5 dec 2007

Ben ik dat...?

Wanneer je een huis natekent terwijl je rechterhersenhelft verdoofd is, dan wordt het een samenraapsel van dakpannen, ramen en balkons waar weinig verband tussen zit. Teken je het huis na met een gedrogeerde linkerhersenhelft, dan komen vooral de contouren en verbanden op papier. Zo is het althans als je rechtshandig bent, bij linkshandigen werkt het vaak net andersom.

Dat we in staat zijn om met iedere hersenhelft afzonderlijk een huis na te tekenen, komt doordat ons brein grotendeels symmetrisch is opgezet.

Veel functies zijn daardoor dubbel aanwezig: op de plaats waar aan de ene kant een visueel centrum zit, zit dat aan de andere kant ook. Dat is nuttig, omdat de ene hersenhelft beschadigingen in de andere helft kan compenseren. Het is ook efficiënt, omdat de beide helften het gecompliceerdere hersenwerk onderling kunnen verdelen: het visuele centrum in de linkerhelft richt zich op de details van wat we zien, dat aan de rechterkant op de grote lijnen.
Weinig mensen zullen kunnen aanwijzen waar het visuele centrum zich precies in hun hoofd bevindt. Of waar de centra voor horen, ruiken, tasten en spreken zitten. Ook hebben we over het algemeen niet meer dan tamelijk vage ideeën over de processen die er in ons hoofd voor zorgen dat we zien wat we zien, en zijn wie we zijn.
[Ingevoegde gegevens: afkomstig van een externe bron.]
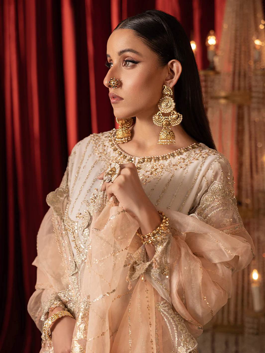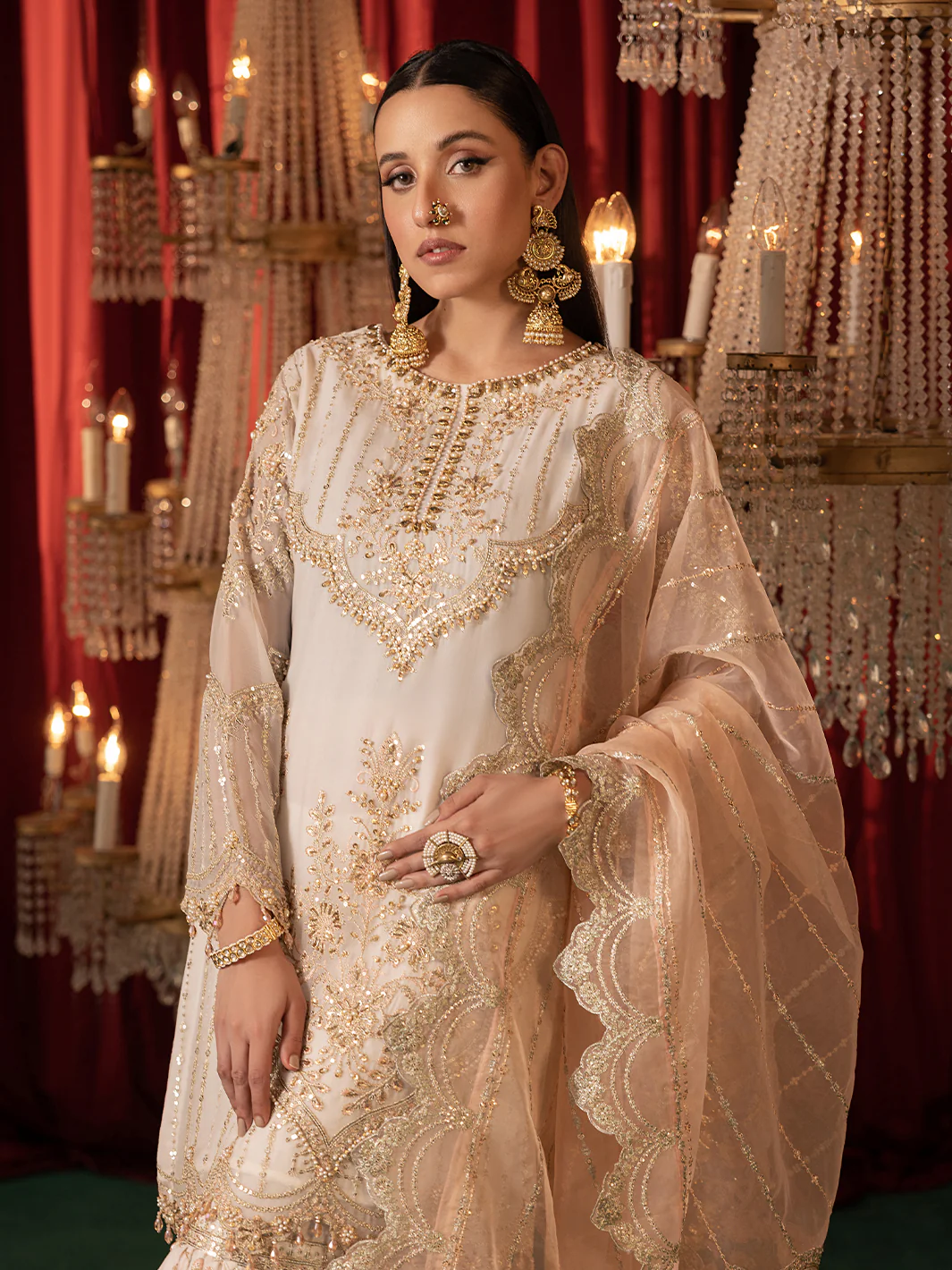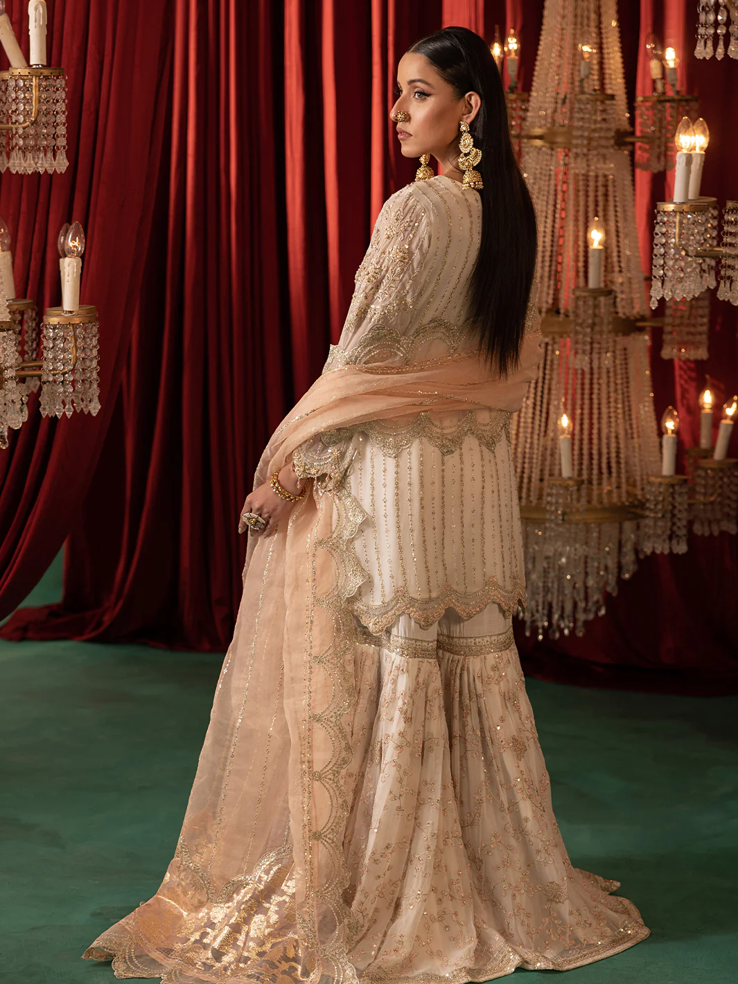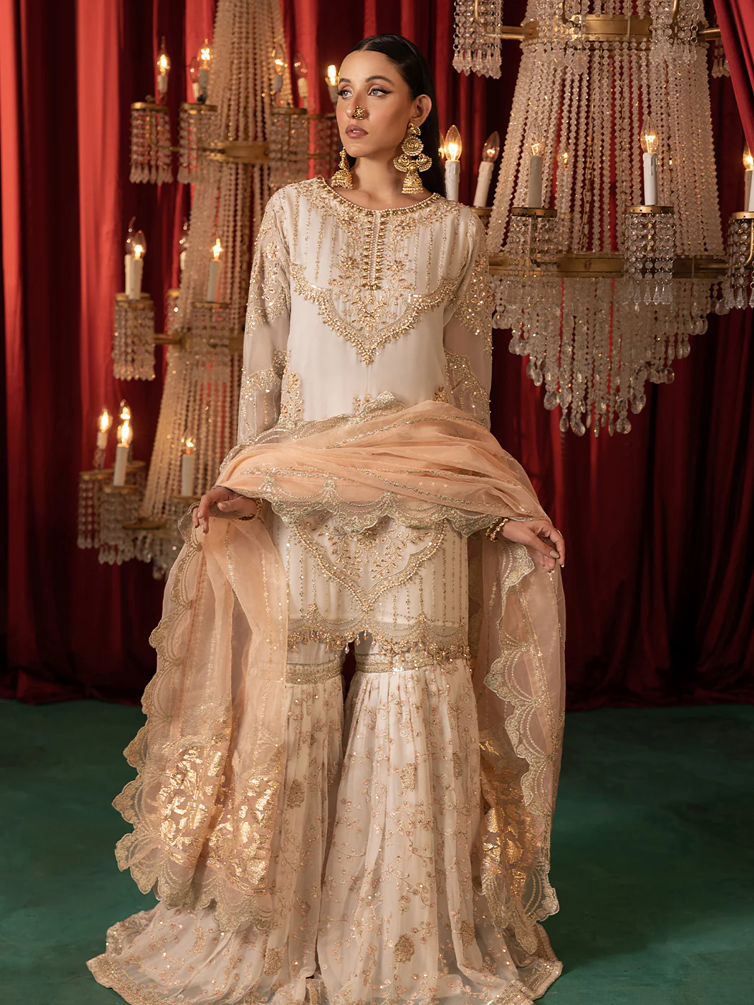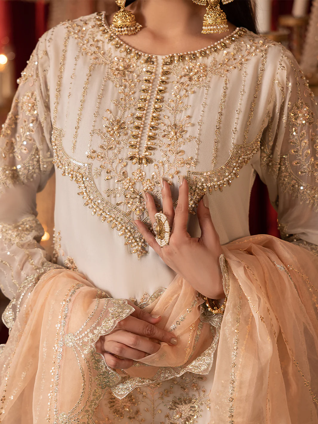 “This collection is a tribute to the subcontinent’s rich heritage, showcasing kamdani, embellishments. Woven with fine tilla work and Gold sequence
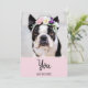 * En söt, färgglad, rolig och fantasifull akvarell FRENCH BULLDOG eller FRENCHIE BULLDOG Fotografi av en FRENCH BULLDOG med BLOMMOR på huvudet.*
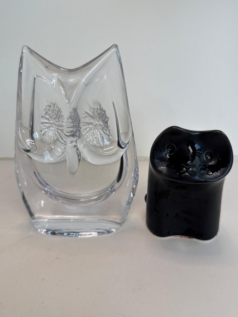 Daum Glass Owl & Mori Black Cat - Unique Artistic Creations Explore the artistic elegance of two unique pieces: a Daum glass owl and a Mori black cat. The owl, created by Daum, renowned for their exquisite crystal art, stands at 5.5 inches and features a sleek, minimalist design, highlighted by etched floral details that offer a glimpse into nature’s serene beauty. Accompanying the owl is the Mori black cat, a creation from the 1960s by Masahiro Mori, known for his award-winning porcelain designs in Japan. This cat, standing at 3.5 inches, captures a soulful, abstract expression, continuing its production in the same Japanese company that originally brought it to life. This set is perfect for collectors who appreciate the blend of modern design and traditional craftsmanship. Owl: 4" L x 1.5" W x 5.5" H Cat: 2.5" L x 2.25" W x 3.5" H
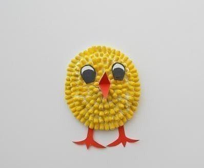 - Изработването на лапички за пиленце е много лесно. За целта е необходима хартия с червен цвят. Вземете малко парче. И ги обелете наполовина. Нарисувайте един крак и го изрежете. В крайна сметка имате две. Те са залепени в долната част на корпуса.
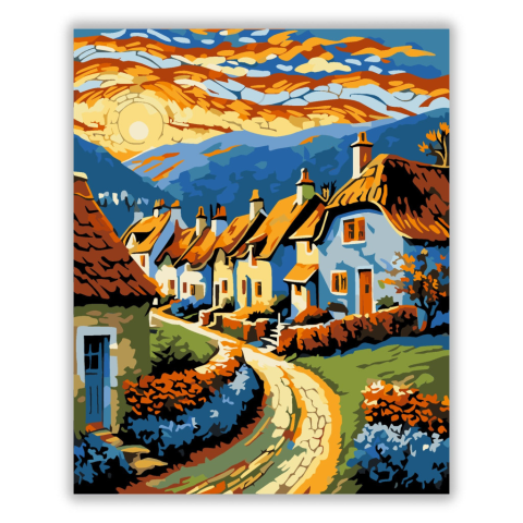 Napfényes Falu Harmóniája - számfestő készlet – 40×50 cm (Keret nélkül) A kép egy festői falut ábrázol, ahol a naplemente fényében fürdő házak sorakoznak. Az élénk színek és lendületes ecsetvonások hangsúlyozzák a táj dinamizmusát és varázsát. A kompozíci
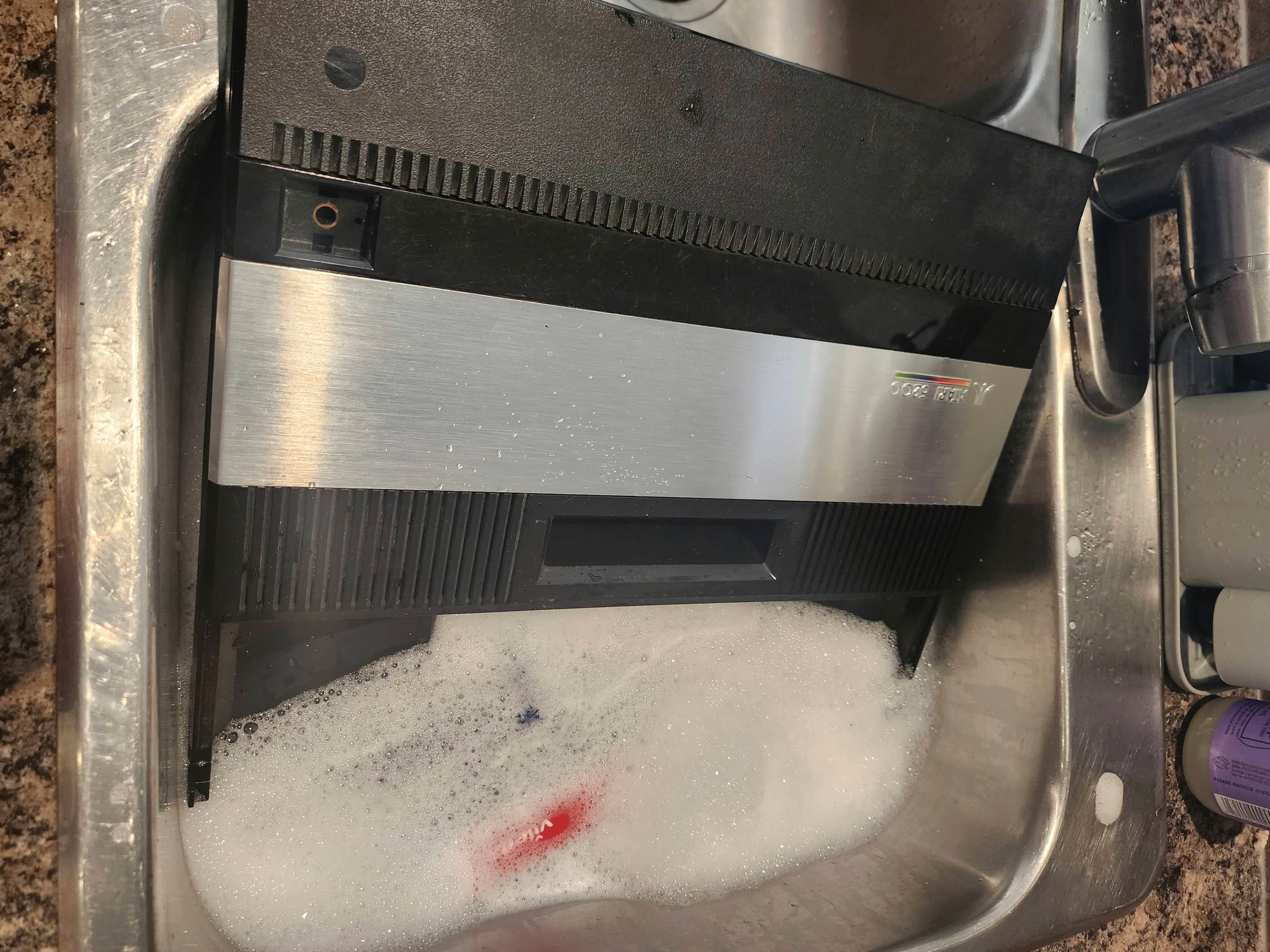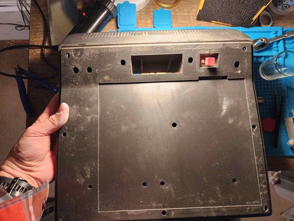 I tried to heat and remove the metal strips and while I partially succeeded, I did not like the end result. 😑 It still looks better than the original top cover, but it is super easy to dent / crease these things. It is however, a fully working system.
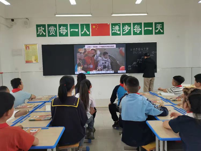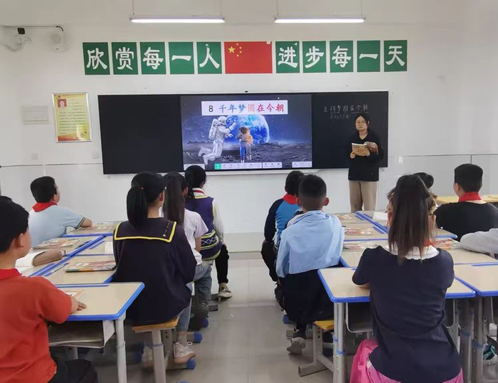 课堂上,吕老师用通俗易懂的语言向学生介绍科技发展日新月异,航天精神代代相传的探索历程,让学生体会到了《千年梦圆在今朝》的来之不易。
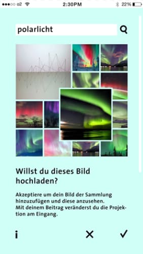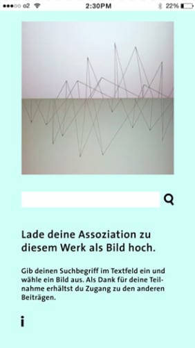 Durch das Scannen eines QR-Codes in der Ausstellung oder Eintippen einer URL gelangst du auf die Webseite dieser Applikation. Dort wirst du aufgefordert, deine Assoziation zu einem bestimmten Werk als Bild hochzuladen. Mit deinem Suchbegriff kannst du Bilder in einer Bilddatenbank suchen und ein passendes auswählen. Diese Bilder werden in einem Archiv gespeichert. Nachdem du etwas hochgeladen hast, bekommst du Zugang zu diesem Archiv und somit auch zu den Assoziationen der anderen Teilnehmer. Diese Bildsammlung dient als Grundlage für die Projektion des kollektiven Werkes.

Toch, schrijft wetenschapsjournalist Mark Mieras in Ben ik dat?, kan die kennis helemaal geen kwaad: ‘Hersenonderzoekers raken er steeds meer van overtuigd dat mensen hun eigen hersenen boetseren. Met die wetenschappelijke inzichten kun je je voordeel doen om betere en interessantere hersenen te kweken. Dat is mooi want die hersenen, dat zijn we immers zelf.’

In Ben ik dat? schetst hij de huidige stand van zaken van het hersenonderzoek aan de hand van vragen als: waarom herkennen we gezichten moeiteloos, hoe vinden we onze weg in de grote stad, wat hebben onze hersenen met muziek, waarin verschilt het vrouwelijke brein van het mannelijke, waarom slapen pubers zo lang uit, wat kunnen we doen om het brein te versterken en, de meest heikele vraag van allemaal, waar zit ons bewustzijn en wat is het eigenlijk?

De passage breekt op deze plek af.